The heat and power in Southcentral Alaska communities won't get turned off, however. ConocoPhillips and Marathon Oil, the owners of the liquefied natural gas plant near Kenai, have pledged to backstop utilities if gas deliverability is insufficient on cold days.
Still, the underlying problem of declining reserves is getting worse, and exploration results in recent years have been modest.  “Gas exploration has not been successful. Chevron has operated six exploration wells in recent years and have had only modest success,” Wright told the RDC council.  There is good potential in the region, but the problem is that many areas with prospective geology have substantial surface occupancy issues, he said, which limits explorers' access.

Production has actually dipped below what the state Department of Natural Resources has estimated would be possible from remaining proved gas reserves in the Cook Inlet Basin, he said.
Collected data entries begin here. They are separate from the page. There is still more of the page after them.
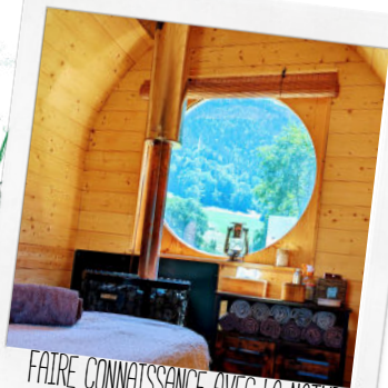
FAIRE CONNAISSANCE AVEC LA NATURE ET LE BIEN ETRE
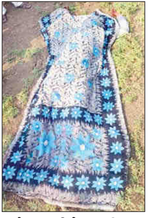
खोलापुरीगेट पुलिस थाना क्षेत्र की घटना
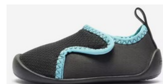
Chaussons pour la classe et la gym
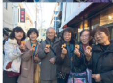
食べちゃいますね〜 焼きたてせんべい
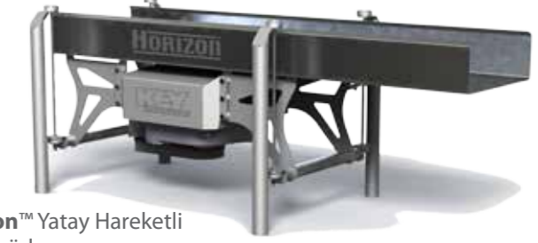
Horizon™ Yatay Hareketli Konveyörler

Patatesler • Sebzeler • Meyveler • Çerezler • Atıştırmalıklar • Tahıllar • Hamur Kaplamalı ve tatlandırılmış ürünler • Et Ürünleri • Eczacılık Ürünleri için... ve işte sizin uygulamanız.

The industry isn't sitting on its hands, however. Chevron and other Cook Inlet operators are making substantial investments. Two years ago Chevron announced a $400 million program to refurbish aging oil production platforms in Cook Inlet and to stimulate new gas production. The company is carrying out that program, Wright said.
Marathon and ConocoPhillips have made separate commitments to drill new gas wells in an agreement with the state related to a two-year extension of a liquefied natural gas export license for the Kenai-area plant the two companies own.  “Our hope is that new drilling in the Beluga and Ninilchik fields will stem the decline, but we see no scenario where the decline is eliminated,” Wright said.
Chevron itself has spent $200 million over the last years in its new drilling program, which include oil as well as gas. Chevron has invested in projects in seven gas fields and two oil fields.  Results of the drilling are generally positive, but there were disappointments as well, Wright said.  “A few of our wells far exceeded expectations, some came close to what we had forecast, but a couple were expensive but poor producers,” he told the RDC. “There is a lot of stratigraphic variability in Cook Inlet. The risks and uncertainties there are not average.”  The company still expects to spend $100 million to $200 million over the next three to five years on projects, but plans are always subject to change. Given the downward shift in oil prices, “we are currently reassessing our opportunity catalogue,” Wright said.

Natural gas projects in the last year have included two new gas development wells in the Happy Valley gas field on the Kenai Peninsula, the installation of a new production pad and the testing of a new “fracture” technology to stimulate production, and three new gas wells and a compressor to boost deliverability of gas in the Ninikchik gas field, where Chevron owns 40 percent (Marathon Oil is the majority owner, at 60 percent, and operator). Other projects included two new gas wells and a workover in the Beluga River gas field, and two new production wells and the addition of compressor capability on the Steelhead platform, which produces gas.

On the oil side, Chevron has drilled two new wells in the Granite Point field from the Anna platform. These wells did not meet expectations, Wright said. Chevron also drilled one new well and two well maintenance jobs in the Swanson River oil field, and performed six well maintenance jobs in the McArthur River field.

“Gas-lift” wells, which use natural gas to lift crude oil up producing wells, were also converted to down-hole electric pumps to bring the oil up. This has the effect of freeing up gas supplies, Wright said.